(a) I think that void cleanup redundant and only cleanup works, but I like that you are not 100% sure that this is exactly what IO () does exactly.
I do not see a direct way to read FPS, but imageReaderTime creates timestamps in seconds, which will give you a good indicator. To expand the timestamp, you need to change:
nextFrame :: IO (Maybe (Image PixelRGB8, Double)) -> IO (Double, Picture) nextFrame getFrame = fmap fromImageRGB8 . swap . fromJust <$> getFrame
Then you would say:
stampedFrames <- replicateM frameCount $ nextFrame getFrame let (tstamps, frames) = unzip stampedFrames let approx_fps = fromIntegral (length tstamps) / (maximum tstamps - minimum tstamps)
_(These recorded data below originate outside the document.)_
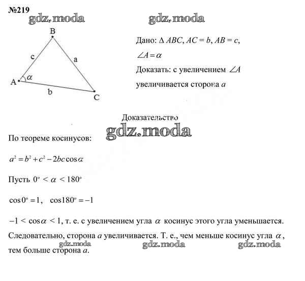 ОТВЕТ на задание № 219 Учебник по Геометрии 9 класс Казаков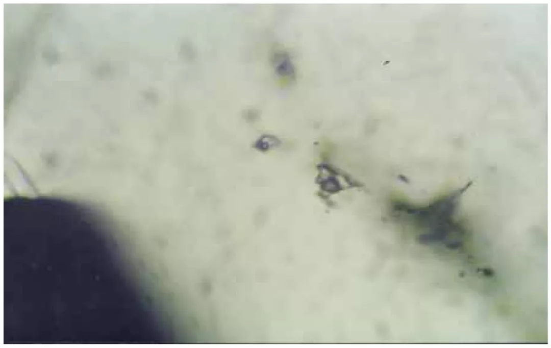 俄罗斯贝加尔湖的粒化石英中的包裹体(×320):包裹体沿裂隙分布
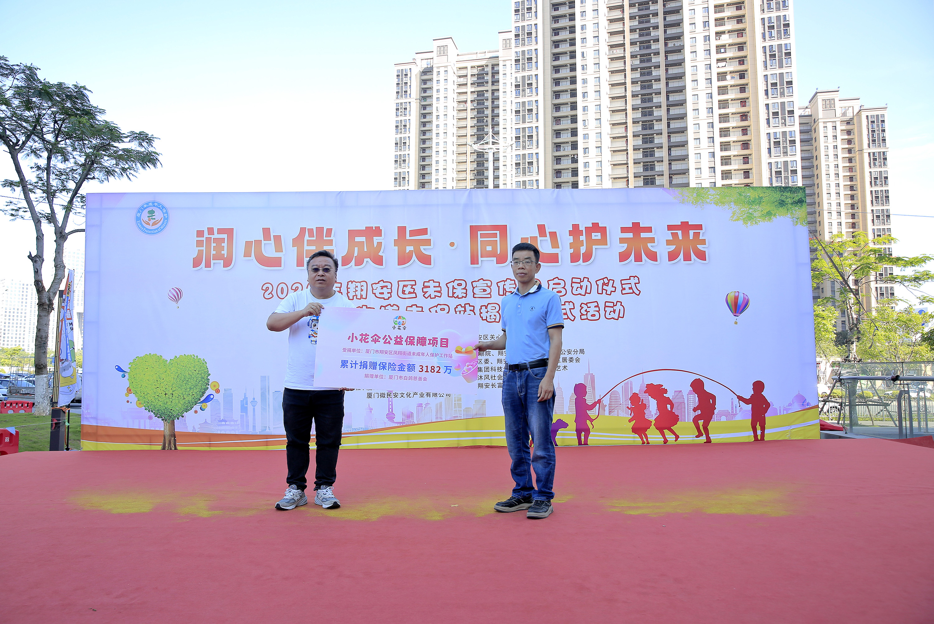 在此次活动中,市白鸽慈善会小花伞公益保障项目为凤翔街道172名在校困境儿童捐赠学平险,保额价值达3182万元。活动现场举行了捐赠仪式以及共建授牌仪式。厦门市沐风社会服务中心负责人马力与执行理事陈智勇为市白鸽慈善会颁发了共建单位牌匾。
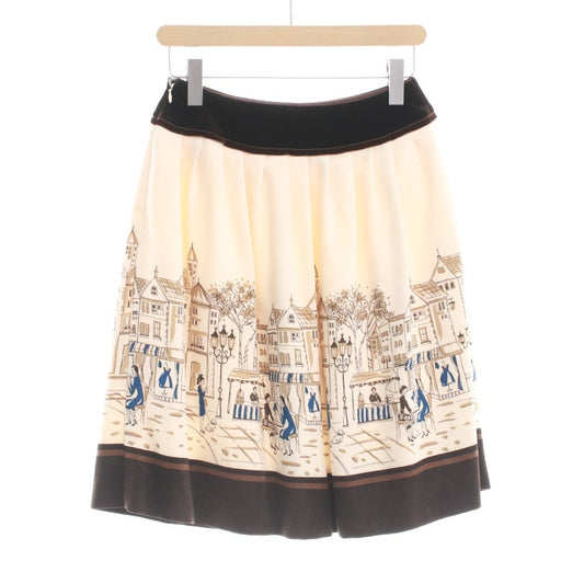 ■ エムズグレイシー スカート ひざ丈 ボトムス 日本製 ベロア 柄 レディース 38(M相当)オフホワイト ブラウン系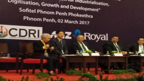 中德校园网讯(通讯员 国际交流与合作处 吴刚)应柬埔寨政府顾问、柬埔寨发展研究院(CDRI)理事会主席索西帕那博士的邀请,我校张兴会校长一行2人于3月2日参加了由柬埔寨国家发展研究院主办的“2017柬埔寨工业化信息化展望年会”。会上,张校长作了题为“发展职业教育 培养应用型人才”的主旨演讲,并与来自亚洲开发银行、新加坡科技教育研究所和柬埔寨信息通信技术联盟的3位专家进行了圆桌讨论。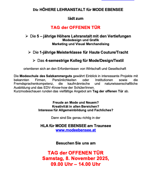Ein Tages der offenen Tür der HLA für Mode Ebensee am Traunsee findet am 8. Nov. 2025 von 09.00 – 14.00 Uhr statt.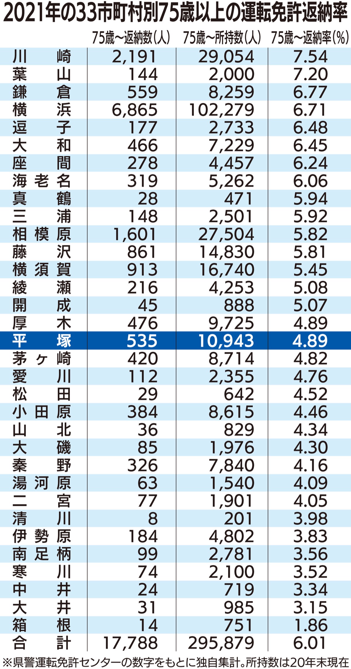 75歳以上の後期高齢者ドライバーについて、タウンニュース社ではこのほど、免許証の返納率を神奈川県警の統計を基に独自調査した。2021年に県内で自主返納したのは、所有者の6・01%にあたる1万7788人。最も高いのは川崎市中原区(9・16%)、最も低いのは箱根町(1・86%)で、地域間で最大4・9倍の開きがあることがわかった。平塚市は県内33市町村で17位の4・89%だった。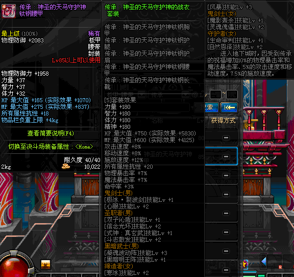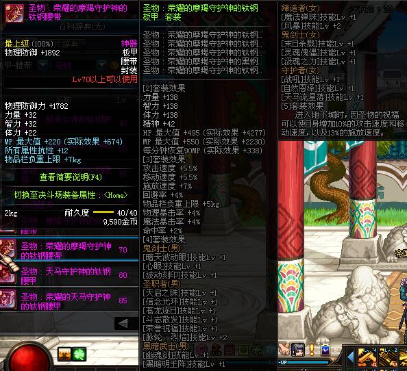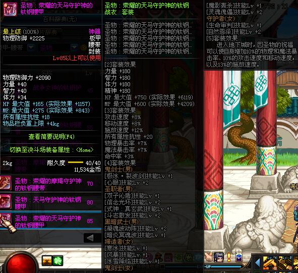 | 85 | 圣物 :荣耀的天马守护神的钛钢腰甲 | *Lv85~91普通地下城怪物掉落 | ||

Finally, you can pass approx_fps as the parameter to frameAt , which should use Double , not Float , as well as some type input function.
However, for what you are doing, it might be better to have something like:
frameAt :: [(Double, Picture)] -> Double -> Picture frameAt list time = snd . head . dropWhile ((< time) . fst) $ list
This takes a list, discards all elements whose first element (timestamp) is less than the requested time, and then returns the second element (image) of the first pair that occurs after that. No need for FPS.